As I have said before I think one of the great achievements of the Government Digital Service, and the report from Martha Lane Fox that spawned it, isn’t the commitment to open source/standards or recruiting such a great team of designers and developers (though they are both great) but the fact that Mike Bracken was hired and installed at a genuinely senior level.

My favourite bit of the Tom Steinberg talk at #ukgc12 was when he talked about the need to get more digitally savvy people in senior posts. He was actually pretty pessimistic about it happening any time soon despite the progress with the GDS and unfortunately I think he is probably right but it is something I feel we have to strive for.

One of the key themes in Euan Semple‘s new book (which I will review later) is just how much this new digital landscape changes the way organisations should run. Relationships between managers and staff changes, internal communications are turned on their head and the implications for things like hardware and information security are radically changed. All of this requires real understanding and flexibility to implement with leadership from the highest level. If real change is going to happen it can’t continue to be a bottom-up revolution (at least in my opinion – I know alot of people who disagree.)

In the 12 years or so I have been running websites in the public sector (and one look at my CV will prove I have taken a reasonable sample!) my position in the organogram has never really changed (though to be fair my salary has!). In each and every job it broke down something like this;

The big boss
– a senior person with a large portfolio who sat on board or equivalent
– – the person who ran the Communications team (or occasionally IT team – both always this level)
– – – the web/digital manager (til 2002 this is where the chain ended)
– – – – the web/digital team who do the actual work! (post 2002 for the most part)

So in my long, if less than illustrious, career as a web manager I have never even worked directly for a manager who sat at a board equivalent (in fact I’ve never known a Comms or IT person to sit at that level at any of the places I’ve worked at..) let alone a digital person (which isn’t the same as IT or Comms as I’m sure anyone reading this knows but still needs explaining to many people!).

Some organisations have a ‘flat’ enough culture that you can make change from further down the ladder – and certainly at JISC there was a time I felt alot was possible – but I have come to learn that that isn’t the norm and even with very supportive managers (which I have been fortunate to have more often than not) it is very hard to make real cultural change and instead the focus becomes short-term wins.

Given how rare it is that even well established roles like Communications or IT have made it to a truly senior level I think it is going to require a serious step change for digital to make an impact at the level – but if we really are shifting to a ‘digital by default’ world then it has to happen at some point.

Whether this requires a C-level equivalent post for Digital (which is particularly popular in media companies increasingly not to mention New York City) I don’t know – maybe it just needs more digitally aware people in existing roles further up the ladder. More believers and fewer nay-sayers. Maybe.

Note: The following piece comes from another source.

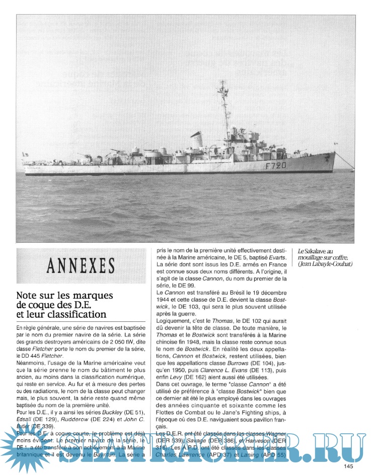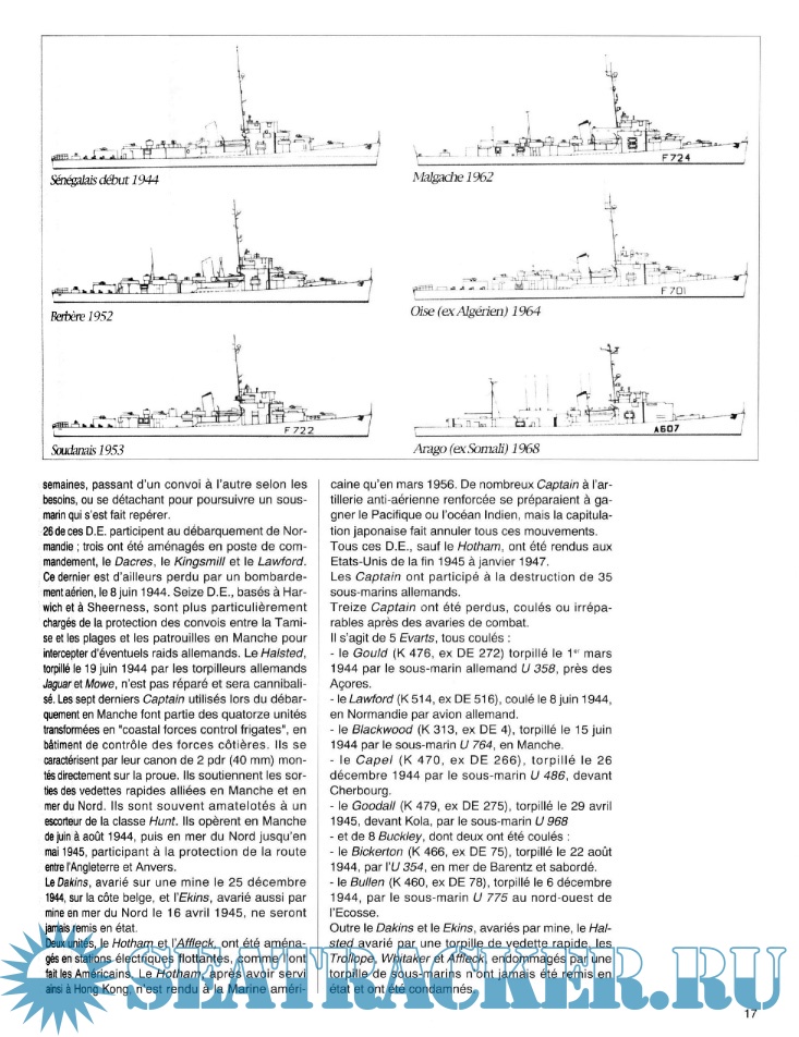 Year: 2004 Language: French Author: Jean Moulin Genre: Historical Format: PDF Quality: Scanned pages Pages count: 153 Description: Pour combattre les sous-marins allemands dans la bataille de l'Atlantique, les chantiers américains construisent entre 1942 et 1945 une série de plus de 500 unités appelées destroyers d'escorte (DE). La Marine nationale en arme six début 1944 pour démarrer sa reconstitution après les pertes de 1942, puis huit autres en 1950 et 1952, dans le cadre de l'OTAN, le traité de l'Atlantique Nord. Ces quatorze bâtiments, devenus les escorteurs type Sénégalais, permettent à la Marine d'assurer ses missions jusqu'à la fin des années cinquante, notamment l'entraînement à la lutte anti-sous-marine et la surveillance maritime en Algérie, en attendant la mise en service des escorteurs rapides issus des programmes d'après guerre.

One the things Steph and others were working on at day 2 of #ukgc12 was this idea of a “maturity model for digital in the public sector” and I think this is a helpful step in moving digital out of a bit of a geek ghetto in public sector organisations and into the mainstream but like @pubstrat tweeted yesterday;

Digital maturity is when you don’t need to say digital any more.

It is only when the possibilities and thinking is that embedded that we will have really got somewhere.